When did PMOs diverge from their original vision?
He skips half a century and winds forward to the 1990s where he believes the PMO started to become a profession and really take off. But paradoxically, this is also the point he thinks that the evolution of the PMO started to diverge and disconnect from its original purpose and started to become more method and mechanically driven and less outcome and value focused.
“The brand ‘PMO’ has almost overtaken the original purpose of the function and in my opinion the perception of the ‘PMO’ brand has gone down as a result. I spend a lot of my time talking to people about PMOs. When I ask execs in organisations what PMO means to them, I invariably hear the words; reports, administration, forms, bureaucracy…and those are all the wrong perceptions.
“The PMO needs to be a brand that engenders trust and is seen as an enabler and accelerator of delivery.”
PMO evolution: mechanics over function
Taylor puts part of the reason PMOs have attracted this reputation down to some over professionalisation of the PMO during its evolution, where ‘PMO certified’ and ‘PMO trained’ have become key criteria for hiring, rather than good project delivery experience.
“It’s become too much about the mechanics, do you have a strong risk and issues register, a dependency register? Are you adopting the latest methodology? Do you have a tool for managing your projects?”
This is a view supported by Darren Tolhurst, CEO of Change Partner, Practicus who’s seen many instances where the PMO has been over-engineered for the needs of the business’ change portfolio. He points to an Oil and Gas client who engaged Practicus because they thought they had a broken PMO.
“When our team got on the ground we quickly realised this wasn’t about a broken PMO, it was about a highly sophisticated PMO with everything you could possibly want, run by a Big Four consultancy. But this was a ‘sledgehammer to crack a nut’, a PMO that was everything about looking and sounding right, but very little about enabling delivery. It was over-engineered and holding things up.”
“I think the key word is ‘appropriate’. If the organisation is at the immature end of the project management capability scale, then tying them up in admin and reports they don’t need or understand is not going to support delivery.”
Evolution of the PMO should focus on real value
So how is Taylor’s ‘Perform’ software the answer to reigniting the core value of PMO? What is so special about his tool that separates it from the rest of PMO’s history?
He answers the question with the kind of brutal honesty that would appeal to many a corporate executive trying to grapple with slow progress on their change portfolio.

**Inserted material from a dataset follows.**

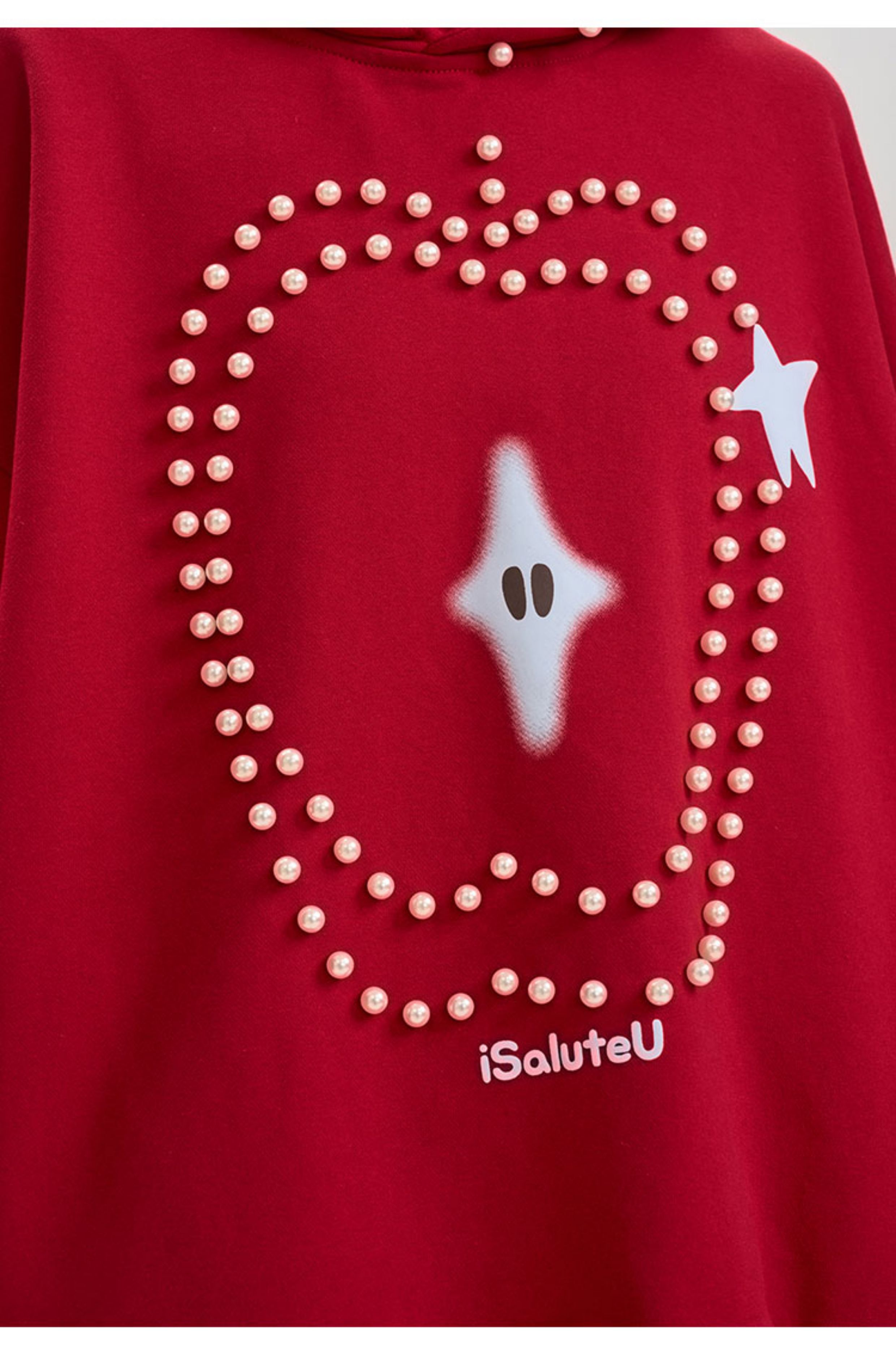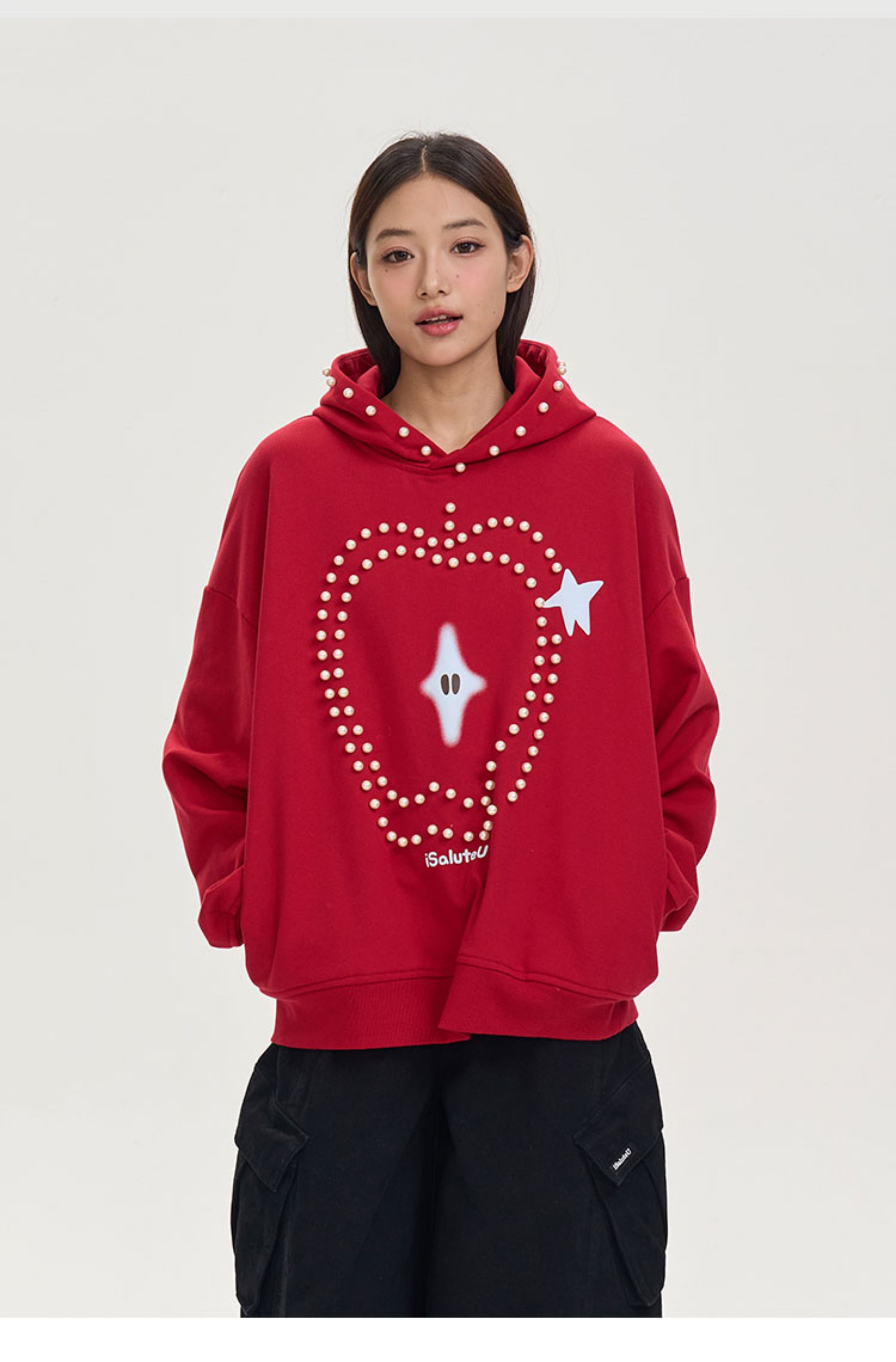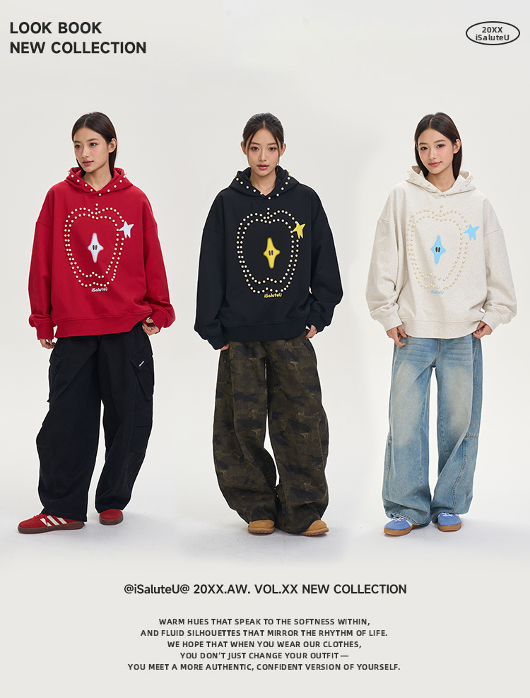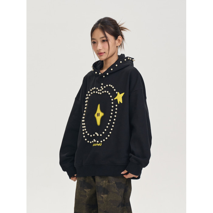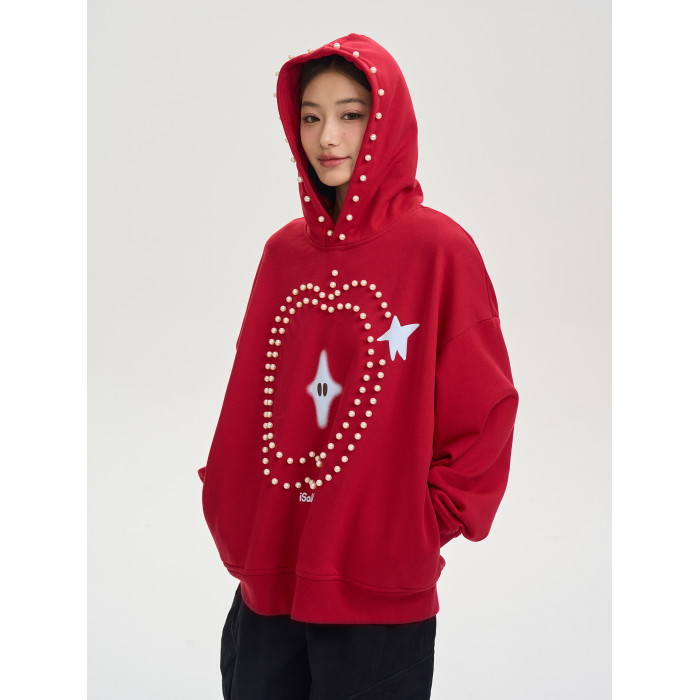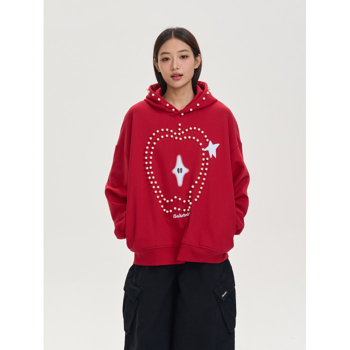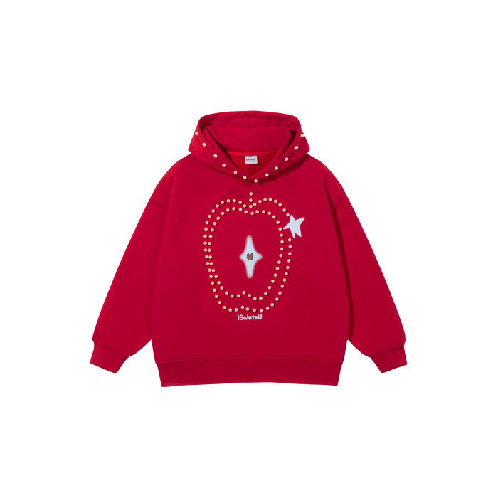 iSaluteU 趣味蘋果圖案珍珠燙釘連帽衛衣春秋季潮牌寬松帽衫情侶

“We have a great tool which is very outcome focussed and really impacts the perception of the PMO brand, but it is just another tool. And our tool, like the others, is not on its own going to sort out all of the challenges of running a portfolio successfully. What it does do is provide a good quality solution that answers the question, what does leadership really want as outcomes from the PMO? And how do we present to them in the easiest possible way? If they want transparency on their handheld device, then it gives them that, if they want concise visuals rather than lots of text and words because they don’t have time, it gives them that too.
“If there’s one thing I feel most proud about with Kivue Perform, it’s not the functionality. It’s actually the fact it helps organisations evolve their PMO capability and maturity around delivering projects and portfolios successfully. And that, for me is far more engaging. It is driving outcomes rather than just a pretty picture at the end of every week or month about how a project is doing.”
Rupert Taylor is a man on a mission to give those responsible for Projects transparency on what actually matters. It’s a refreshing common-sense approach that those who founded the PMO almost a century ago would no doubt appreciate.